• **WORK ORDER**
Print the lines in the listing below starting at the line with "narihito_power_armor, facial hair, goatee" and ending at the line with "但是有一个架构上的缺点。在读", both included. Reproduce them exactly and omit every picture.

• **INPUT DATA**
╔══

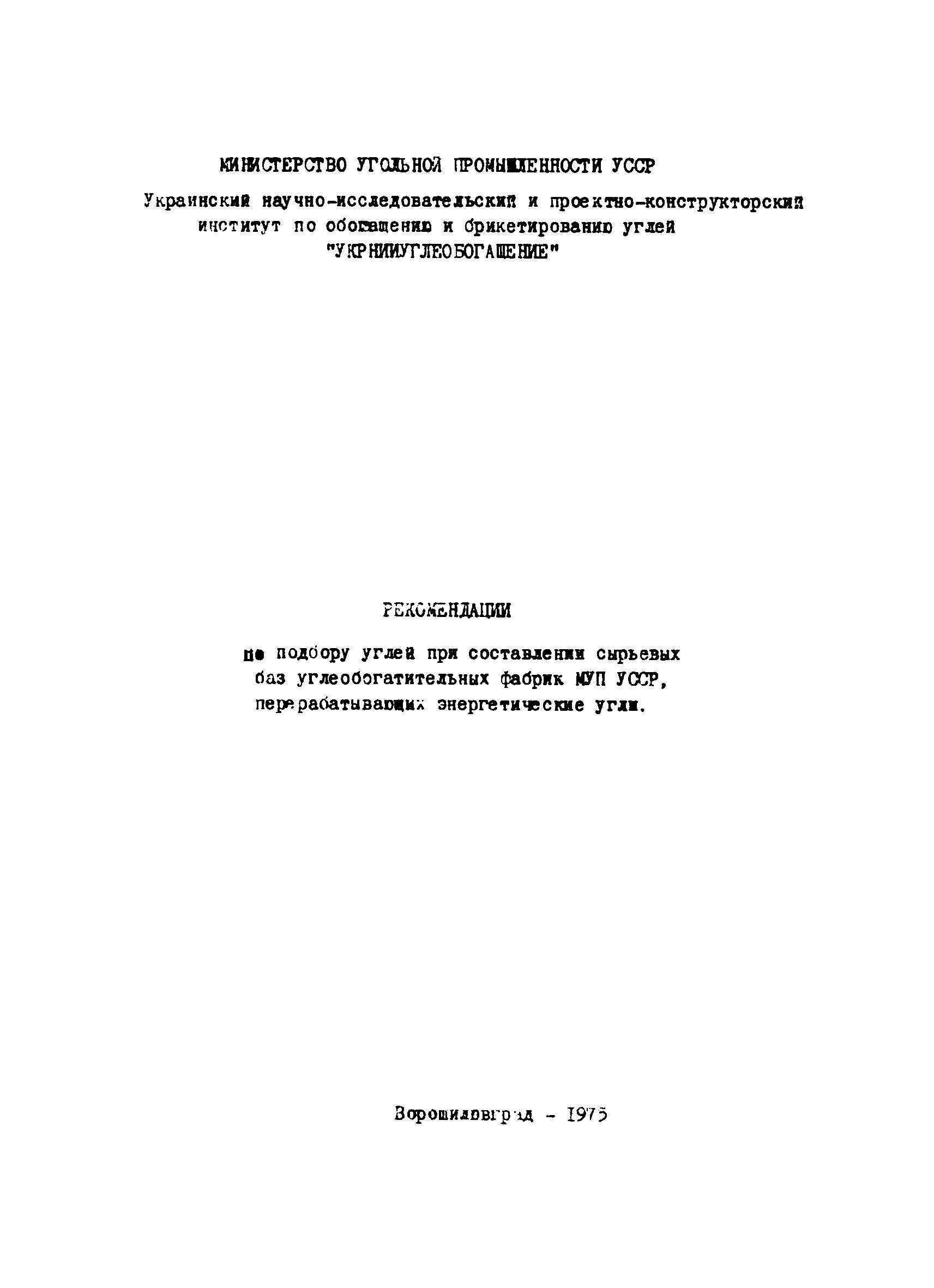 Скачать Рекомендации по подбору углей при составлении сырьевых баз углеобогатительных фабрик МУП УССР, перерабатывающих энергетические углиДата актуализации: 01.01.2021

╚══
╔══

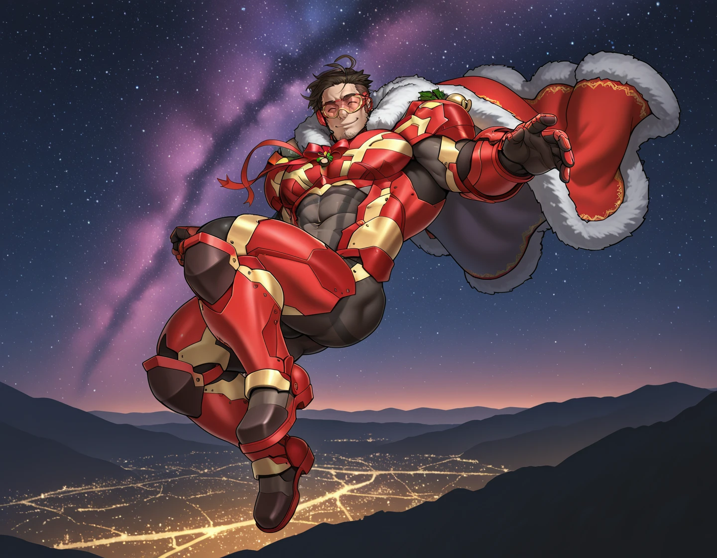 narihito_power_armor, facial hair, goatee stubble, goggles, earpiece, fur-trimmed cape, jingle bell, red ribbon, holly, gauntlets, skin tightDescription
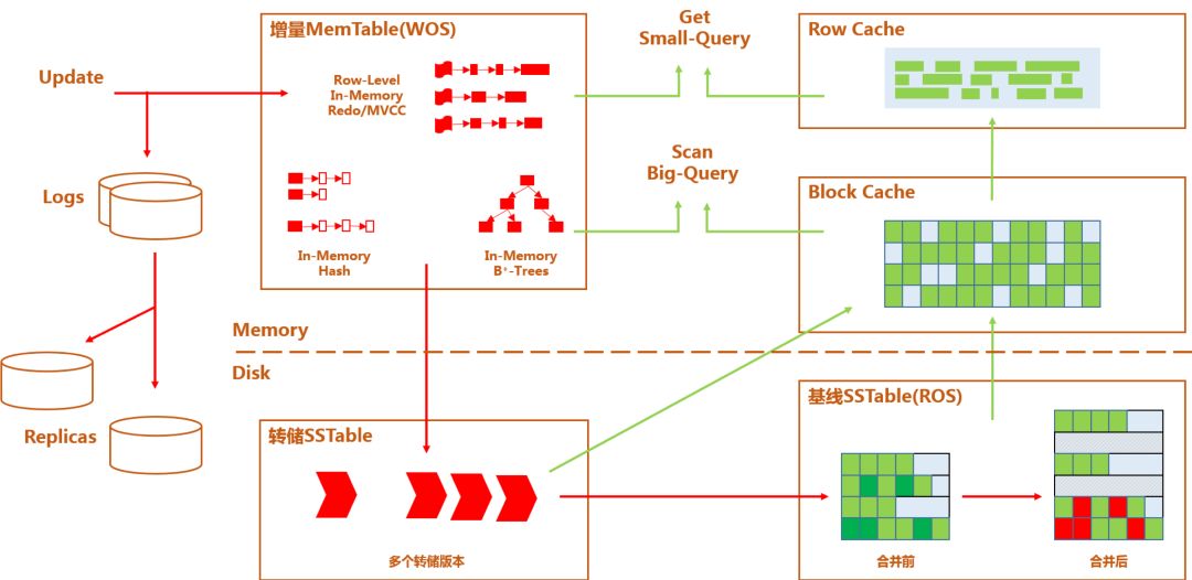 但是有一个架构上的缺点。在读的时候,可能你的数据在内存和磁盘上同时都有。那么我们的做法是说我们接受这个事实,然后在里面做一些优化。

╚══
╔══

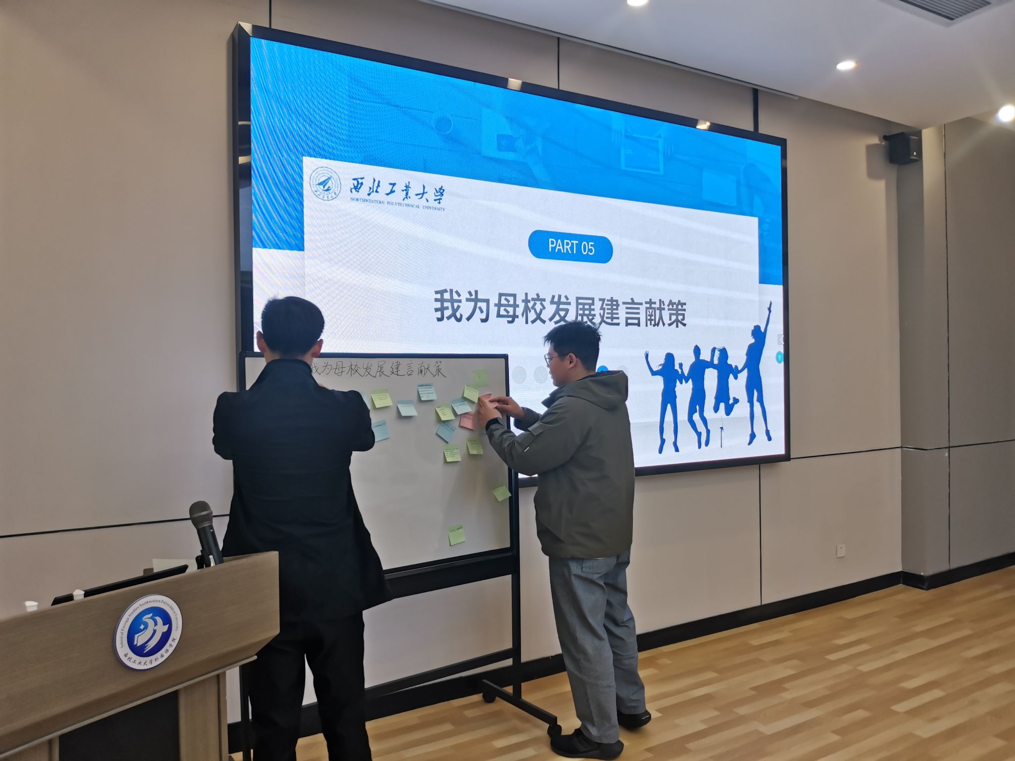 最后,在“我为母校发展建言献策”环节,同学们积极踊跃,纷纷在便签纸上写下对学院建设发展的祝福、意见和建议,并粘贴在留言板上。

╚══

• **WRITTEN REPLY**
 narihito_power_armor, facial hair, goatee stubble, goggles, earpiece, fur-trimmed cape, jingle bell, red ribbon, holly, gauntlets, skin tightDescription
 但是有一个架构上的缺点。在读的时候,可能你的数据在内存和磁盘上同时都有。那么我们的做法是说我们接受这个事实,然后在里面做一些优化。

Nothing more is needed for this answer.